Would want to see a before/after here as well if possible - or remove it altogether if the other step fixes the issue

mart-r · 2025-11-06T12:35:56Z

Just as a FYI - the current setup does seem to run without an issue. Reran it 3 times. Yet it didn't after I just added the docker system prune -af command.

But will give a check to the disk space before and after purge to see how much that actually does. You're right - we don't know if it's the later addon or the combination that we need.

alhendrickson

Approved - clearing 15G is pretty nice, way more than I thought it would be

One task for a later date would be to see how to speed this up, adding 2 minutes on here is quite a lot

mart-r · 2025-11-06T13:02:29Z

Looks fine so I've approved it - though generally seems off that this has now started to fail but it didnt previously. I mean ideally we wouldnt have to mess around with the runners.

I do recall having to restart this earlier as well. Though I'm pretty sure it was a lot less frequent. And I think it was something to do with failing network calls instead.

One guess for why it failed is is we copy the whole medcat-v2 folder, which might have grown.

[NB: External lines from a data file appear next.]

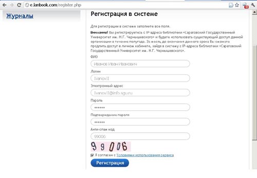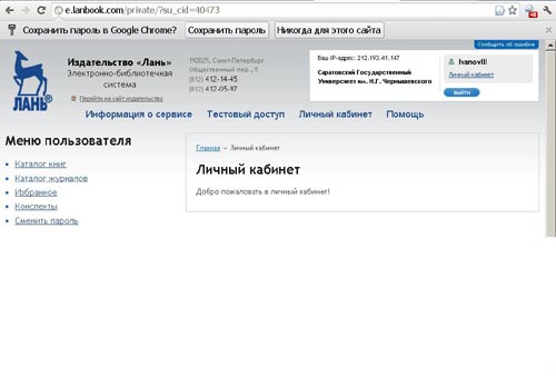 Регистрация в системе даёт возможность пользоваться личным кабинетом, формировать свои подборки, готовить конспекты, оставлять закладки и т. д. Поэтому мы настоятельно рекомендуем всем заинтересованным в работе с этой ЭБС зарегистрироваться. Зарегистрироваться надо один раз, с любого компьютера СГУ. Далее через каждые полгода необходимо продлевать пользование данной ЭБС (также с любого компьютера СГУ).
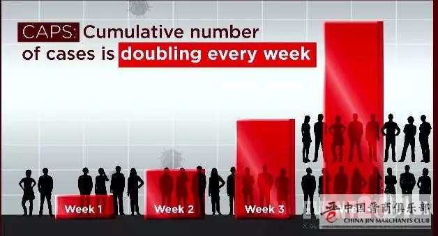 平均每位感染者将病毒传播给两人,确诊案例以每周两倍的速度攀升:
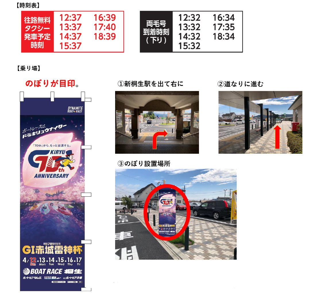 下記の期間において、新桐生駅から特急両毛号の到着にあわせ往路無料タクシーを運行いたします。
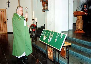Zunächst zogen die Schützen nach dem Antreten am Café Theisen zum Gottesdienst in die Gemünder Pfarrkirche. Pfarrer Rolf Knips, der gleichzeitig Präses der Bruderschaft ist, segnete im Rahmen der Messfeier die Ketten der Majestäten ein und wünschte den Majestäten alles Gute für ihr bevorstehendes Ehrenjahr.

It's unlikely to be an issue of the folder size. It's 77MB. Though we could avoid copying over the 75MB (i.e vast majority) of the tests folder. But I don't think the sizes of the folder is the issue here.

Second one is in general the gpu docker image is massive and probably growing in size as libs get updated...

This sounds more likely. The depenedencies are locked (with uv.lock) on the CI time only for certain parts of the workflow. Pretty sure the docker images are still built without anything being locked. So new dependencies with new features (or just a bigger footprint) sounds like the likely culprit.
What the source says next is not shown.